But If I remove the spark-sql-on-hbase-1.0.0.jar from SPARK_CLASSPATH, the job will pass.

My spark version is 1.4.0 and Hadoop is 2.3

Answer 1 · 2015-08-12T04:23:16.000Z

Can you check Yarn's log to see why the Application Master can't be launched, which seems to be the root cause of your exception?
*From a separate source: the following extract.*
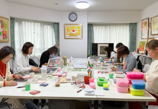 珍しく塩絵教室の参加人数が少なく、ゆっくりとのりこ先生とお話したりご指導いただけました。
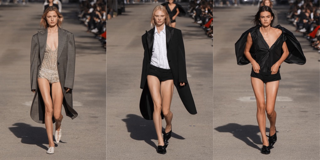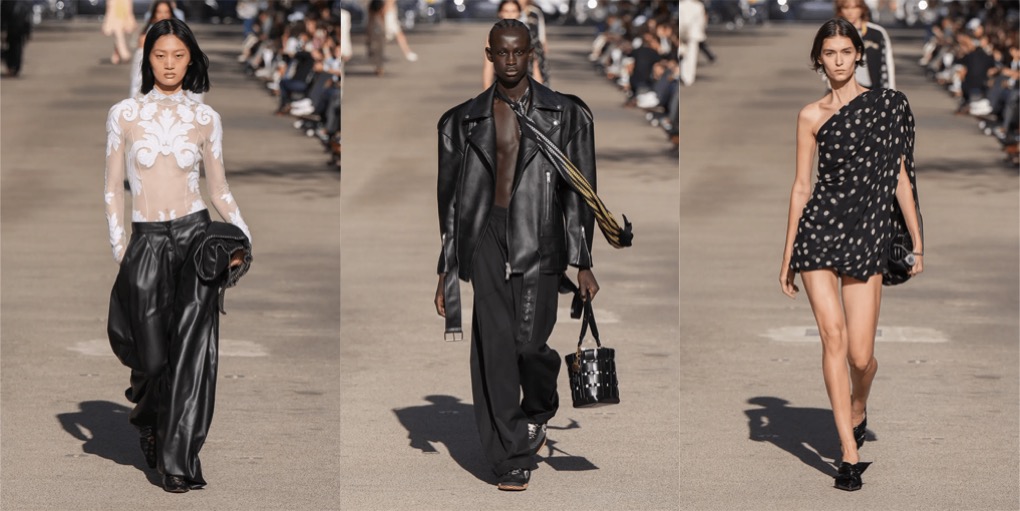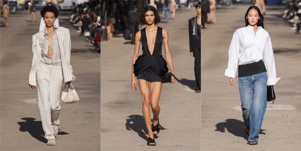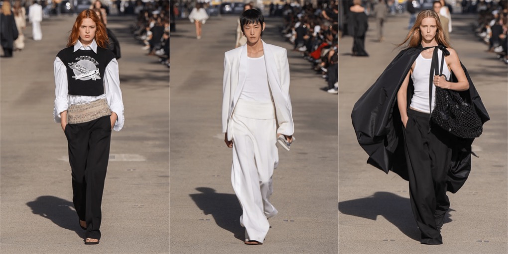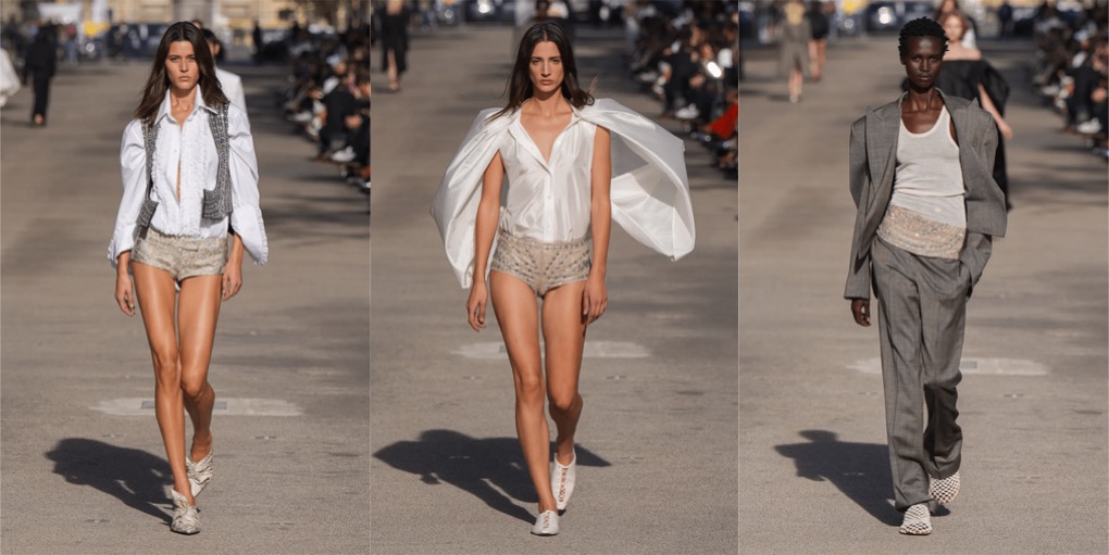This was a very charming Stella McCartney fashion show. Along the Avenue de Saxe in the 7th arrondissement, the designer set up a temporary shop. She created Stella’s Sustainable Market: a classic Parisian marketplace lined with stalls featuring her favourite sustainable collaborators as well as nods to parents, Paul and Linda McCartney. Meanwhile, the collection – sweetly nostalgic, tinged with the 1970s, but also and referencing Stella’s 2000s fashion moments – featured 95 per cent conscious materials, the activist designer noted. “We’ve never gone that high before.” Ballooning blouses, mini dresses and bombers were made in NONA Source repurposed silk taffetas. Lead-free crystals sparkled on waistcoats, mini dresses were made of forest friendly viscose and crochet-and-mirror knits were spun from Kelsun™️ – a seaweed-based yarn. McCartney’s models walked the marketplace runway in a shared wardrobe that represented the family feeling she wanted to convey. “This was one of the first shows we’ve ever had with women and men. It was about showing that everyone can wear it, and how you say what you are through what you wear,” she said. “It doesn’t matter what gender you are. Our brand is open to everyone.”

Answer 2 · 2015-08-12T04:39:27.000Z

HI @yzhou2001, the error message that I provided is already from yarn logs and first error message is

Application application_1439169262151_0037 failed 2 times due to AM Container for appattempt_1439169262151_0037_000002 exited with  exitCode: 127 due to: Exception from container-launch: org.apache.hadoop.util.Shell$ExitCodeException: 
org.apache.hadoop.util.Shell$ExitCodeException: 
    at org.apache.hadoop.util.Shell.runCommand(Shell.java:505)
    at org.apache.hadoop.util.Shell.run(Shell.java:418)
    at org.apache.hadoop.util.Shell$ShellCommandExecutor.execute(Shell.java:650)
    at org.apache.hadoop.yarn.server.nodemanager.DefaultContainerExecutor.launchContainer(DefaultContainerExecutor.java:195)
    at org.apache.hadoop.yarn.server.nodemanager.containermanager.launcher.ContainerLaunch.call(ContainerLaunch.java:283)
    at org.apache.hadoop.yarn.server.nodemanager.containermanager.launcher.ContainerLaunch.call(ContainerLaunch.java:79)
    at java.util.concurrent.FutureTask.run(FutureTask.java:262)
    at java.util.concurrent.ThreadPoolExecutor.runWorker(ThreadPoolExecutor.java:1145)
    at java.util.concurrent.ThreadPoolExecutor$Worker.run(ThreadPoolExecutor.java:615)
    at java.lang.Thread.run(Thread.java:745)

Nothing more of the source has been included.